» **TASK GOAL**:
Output all of the lines below exactly, and leave out each image.

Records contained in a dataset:
____
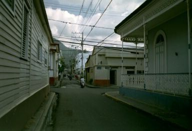 City of Puerto Plata, Dominican Republic
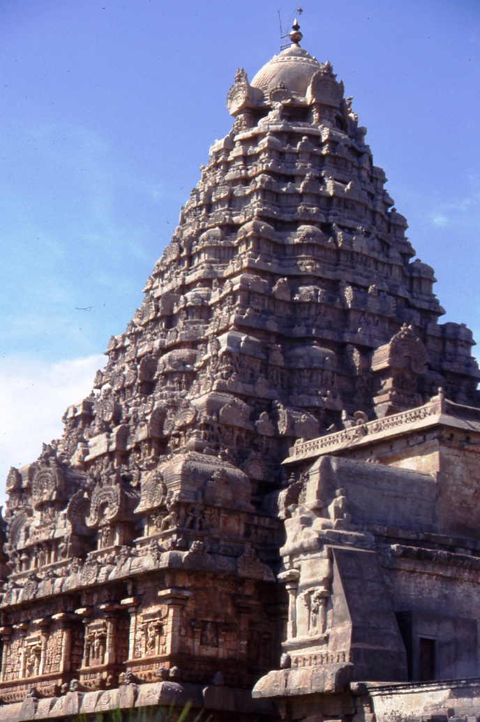 Gangaikondacolapuram Temple, Chola Dynasty, Thanjavur, Tamil Nadu, India
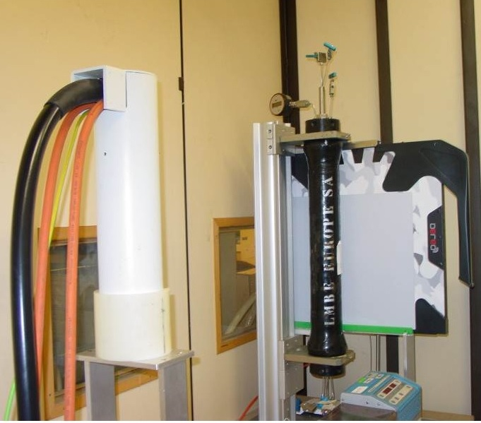 Portable X-ray @Si flat panel detector is use to analyse fluid movement in a sand core under high pressure
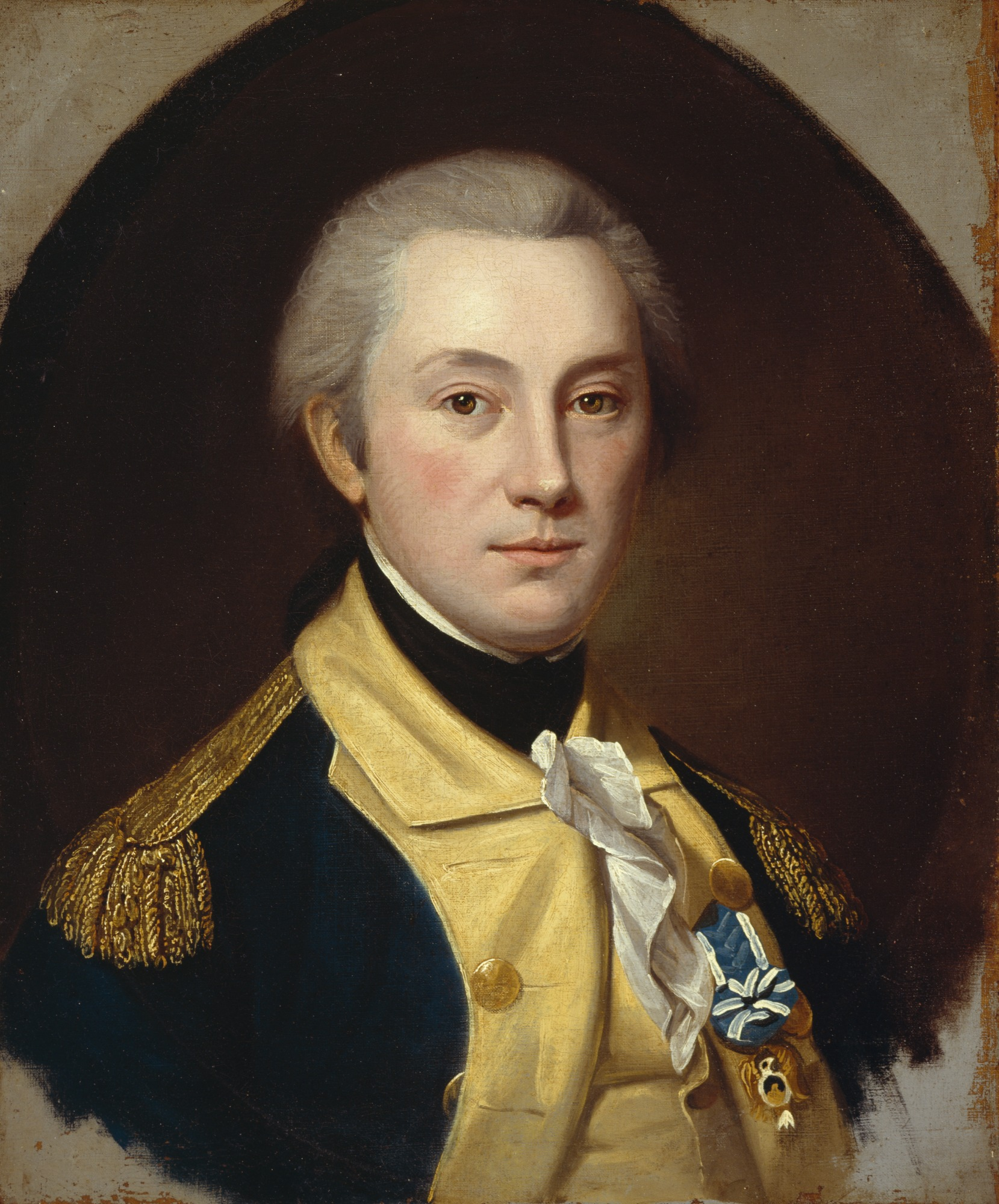 Oil on canvas painting of General William North in Continental Army uniform.
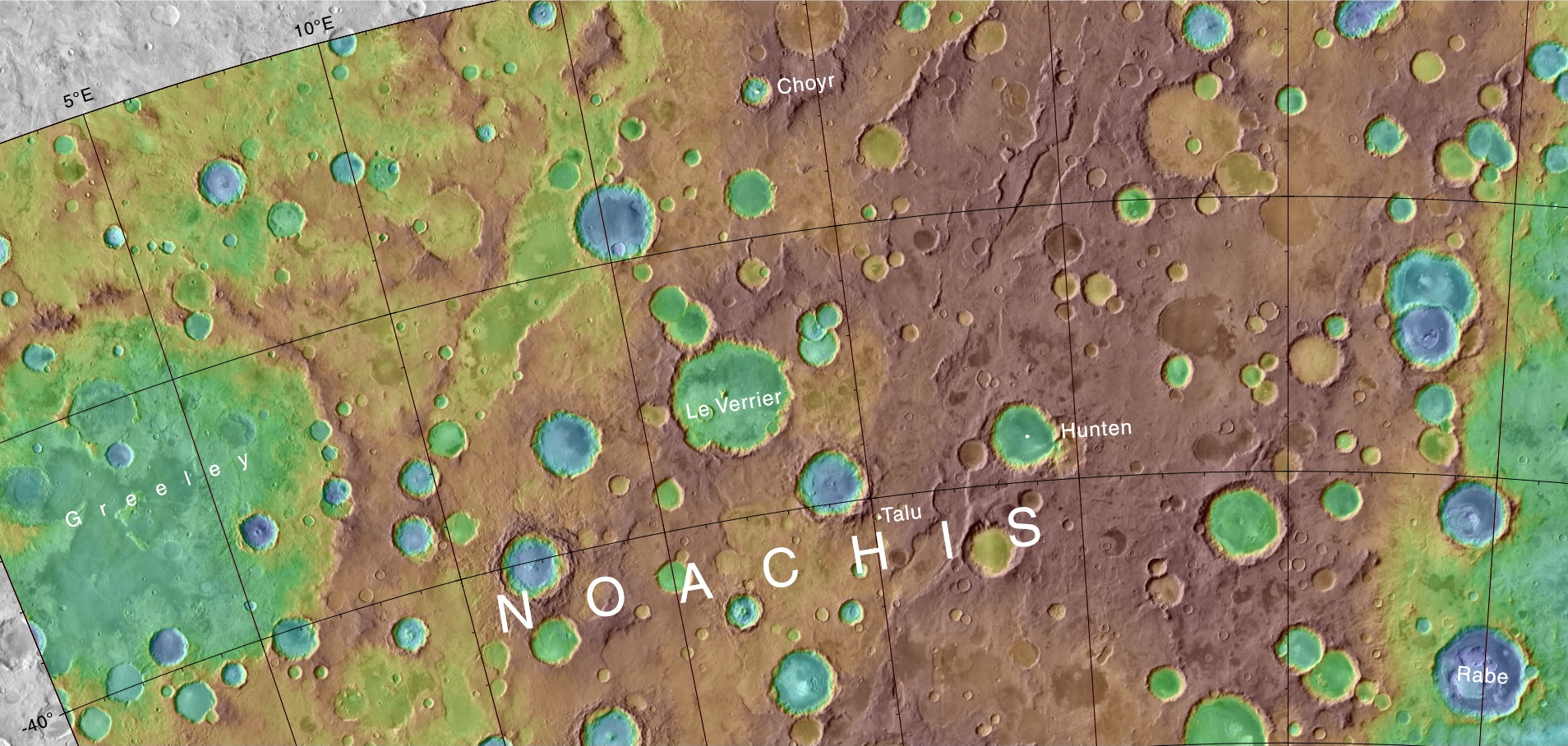 Map showing the location of Rabe Crater and other nearby features
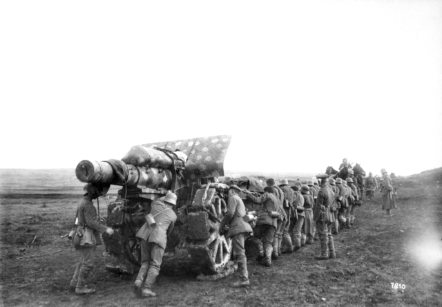 AWM caption : "HAM, FRANCE, 1918-03. A GERMAN 21CM HEAVY HOWITZER BEING BROUGHT INTO POSITION IN THE BATTLE AREA." Comment : The gun is a 21 cm Mörser 16.
____
» **RESPONSE**:
 City of Puerto Plata, Dominican Republic
 Gangaikondacolapuram Temple, Chola Dynasty, Thanjavur, Tamil Nadu, India
 Portable X-ray @Si flat panel detector is use to analyse fluid movement in a sand core under high pressure
 Oil on canvas painting of General William North in Continental Army uniform.
 Map showing the location of Rabe Crater and other nearby features
 AWM caption : "HAM, FRANCE, 1918-03. A GERMAN 21CM HEAVY HOWITZER BEING BROUGHT INTO POSITION IN THE BATTLE AREA." Comment : The gun is a 21 cm Mörser 16.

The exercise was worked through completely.